Mutable hotpath, immutable elsewhere

Mutable hotpath, immutable elsewhere is the optimisation pattern of selectively abandoning immutable data structures only on the critical hot path where allocation rate causes garbage collection pressure, while preserving immutability everywhere else in the codebase for safety and maintainability.

Motivation

Functional-programming best practice (especially in Scala/JVM) favours immutable data structures — every "update" creates a new object. At modest throughput this is fine; the JVM GC handles short- lived objects efficiently.

At millions of records per second, however, immutability means millions of new aggregator objects per second, each immediately discardable. The GC runs constantly:

  • Minor GCs every few seconds.
  • Major GCs taking hundreds of milliseconds.
  • More CPU spent on GC than on business logic.
  • Memory pressure → GC thrashing → processing slowdown → more memory pressure (vicious cycle).

The pattern

  1. Identify the hotpath via profiling (heap dumps, GC logs, async-profiler).
  2. Switch hotpath data structures to mutable — update aggregator fields in-place instead of creating new objects.
  3. Keep everything else immutable — non-hotpath code retains safety properties.
  4. Require measurement to justify — never switch without profiling data proving the need.
  5. Accept increased review burden — mutable code requires more careful review for concurrency bugs.

Netflix's application (2026-07-13)

Netflix Service Topology switched from immutable to mutable aggregators on the flow-log hotpath:

  • Heap allocation reduced >50%.
  • GC pause times dropped from hundreds of ms to tens of ms.
  • CPU freed up for actual business logic.
  • Instance stability improved — no more OOM-triggered cascading failures.

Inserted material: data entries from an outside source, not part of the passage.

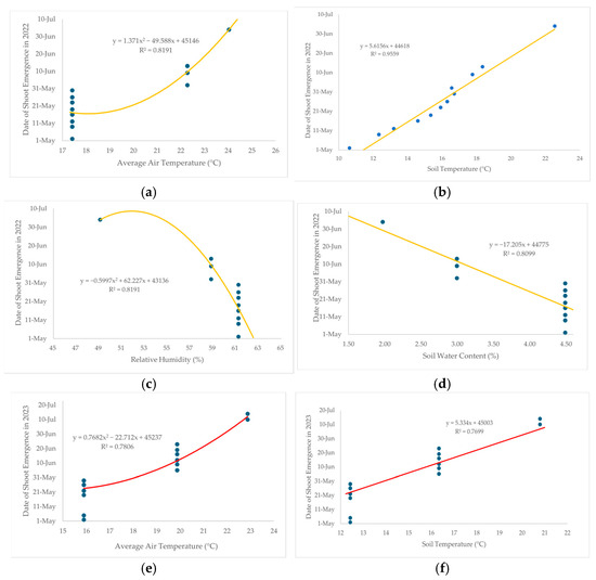 According to the results for 2023 (Table 6), the date of shoot emergence (DOE) correlated positively with average air temperature, average maximum air, and minimum air temperature (0.569**, 0.575**, 0.577**). The total number of shoots (TOS) was negatively correlated with soil temperature; however, no correlation with air temperature was observed. Total number of shoots (TOS) and the number of surviving shoots were negatively correlated with average air temperature (−0.449**, −0.424**), maximum air temperature (−0.446**, −0.421**), minimum air temperature (−0.445**, −0.420**), and soil temperature (−0.582**, −0.471**) but were positively correlated with soil water content (WC50) (0.590**, 0.480**). The survival rate (SR) was positively correlated with all air temperature and soil temperature parameters (0.381*, 0.378*, 0.377*, 0.670**) in our study and negatively correlated with soil water content (−0.628**). Similarly, shooting period (SHP) was also observed to be in negative correlation with average air temperature (−0.509**), average maximum air temperature (−0.507**), average minimum air temperature (−0.506**), and soil temperature (−0.472**), while there was a positive relationship with soil water content (0.507**).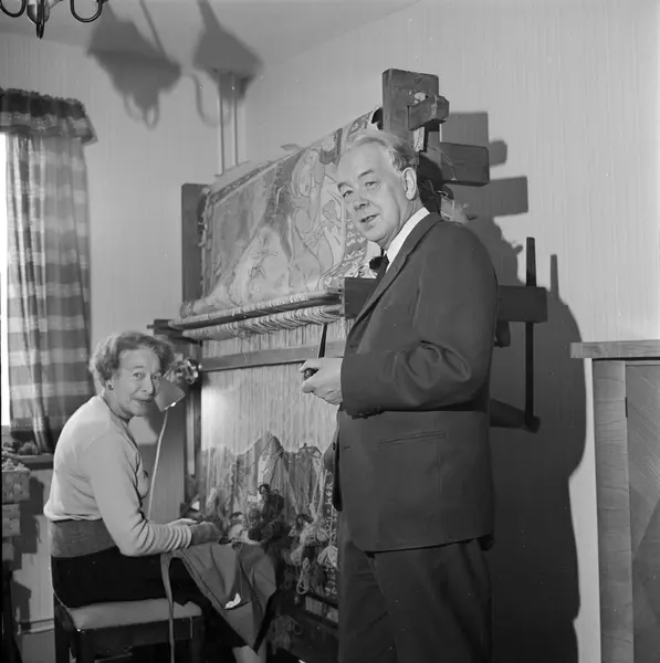 bolig, interiør, stue, mann, forfatter, kvinne, vevstol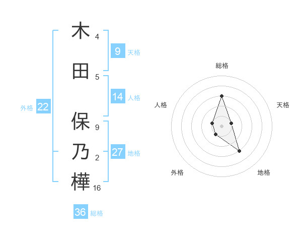 木田 保乃樺さんを姓名の画数から五運を鑑定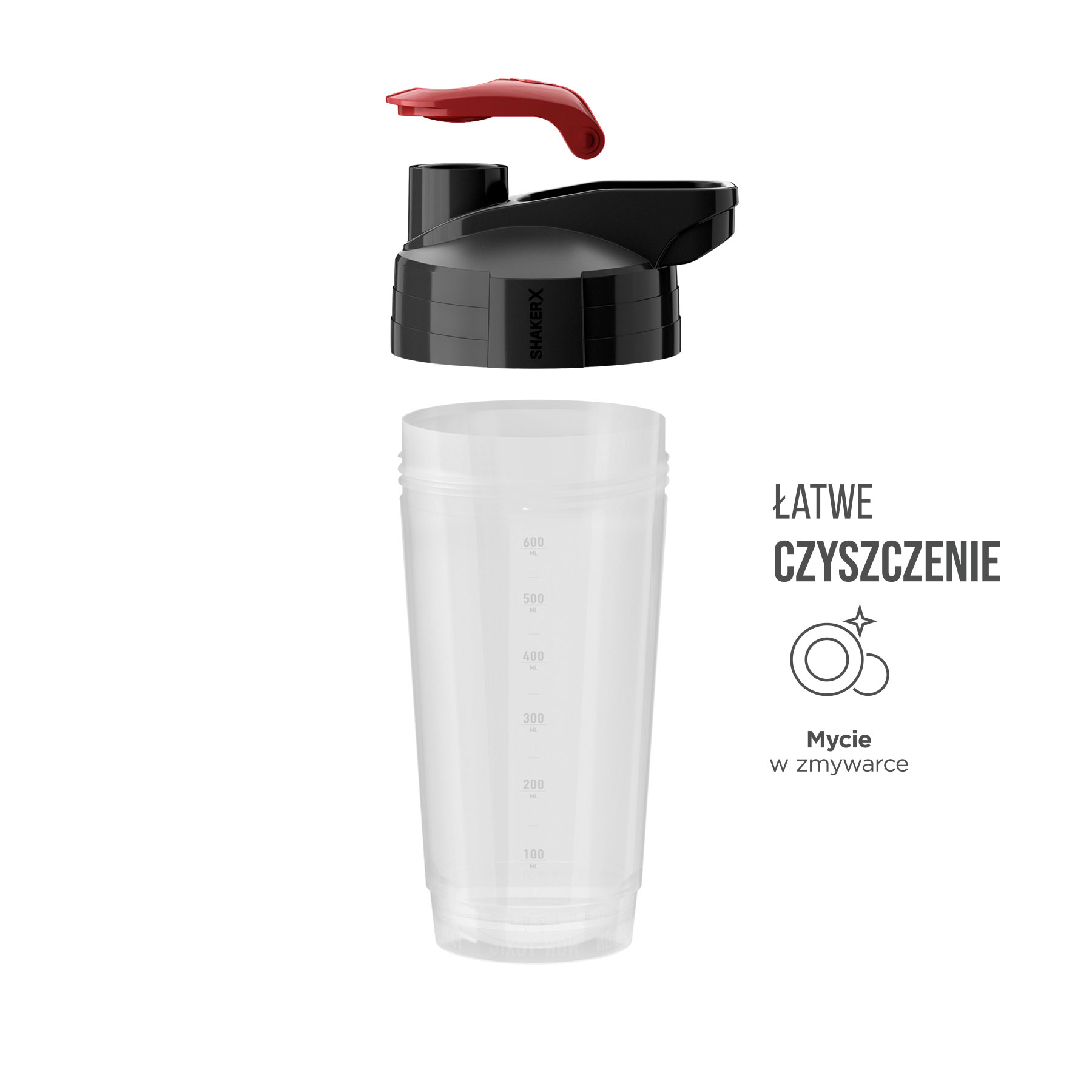 Для полегшення вимірювання кількості рідини шейкер оснащений мірною чашкою збоку
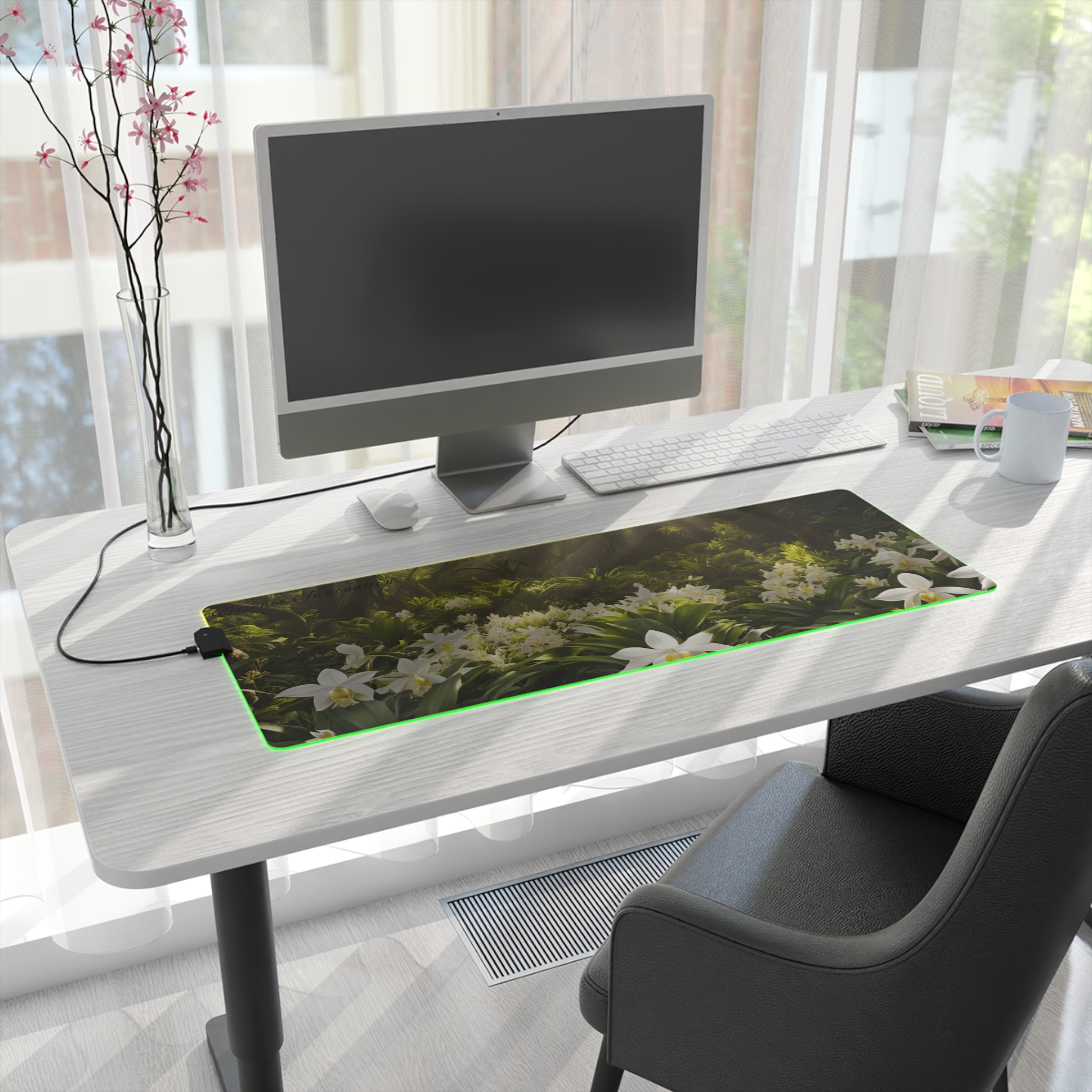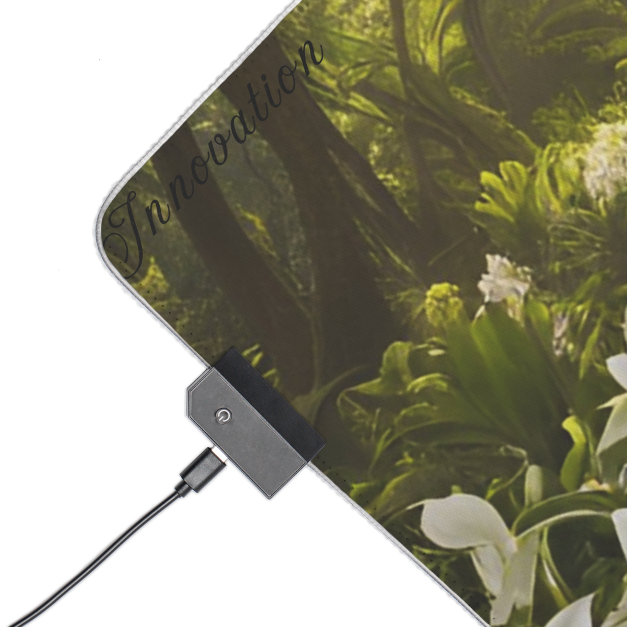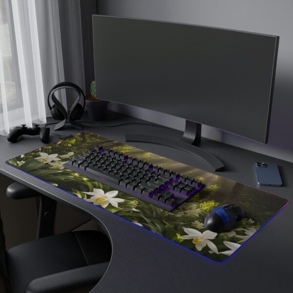 The Orchid Grove LED gaming mouse pad features elegant orchid artwork, RGB edge lighting, non-slip base, and smooth surface in 4 sizes.

"This was controversial — Scala best practices emphasize immutability. But at our scale, immutability created too many objects. We pragmatically chose mutable aggregators on the hotpath (immutability elsewhere), prioritizing performance over convention. Done deliberately, with measurement justifying the decision, and with awareness of the trade-offs." (Source: sources/2026-07-13-netflix-building-service-topology-at-scale-architecture-challenges)

Decision framework

Immutable Mutable
Safety Trivially thread-safe Requires careful synchronisation
GC pressure at high rate High (new object per update) Low (in-place update)
Code clarity Easier to reason about More review needed
When to use Default everywhere Only profiling-justified hotpaths

Key principle

"Best practices are starting points, not absolute rules. At unique scale, you may need to diverge from conventions. But do it deliberately, with measurement, and with awareness of the trade- offs."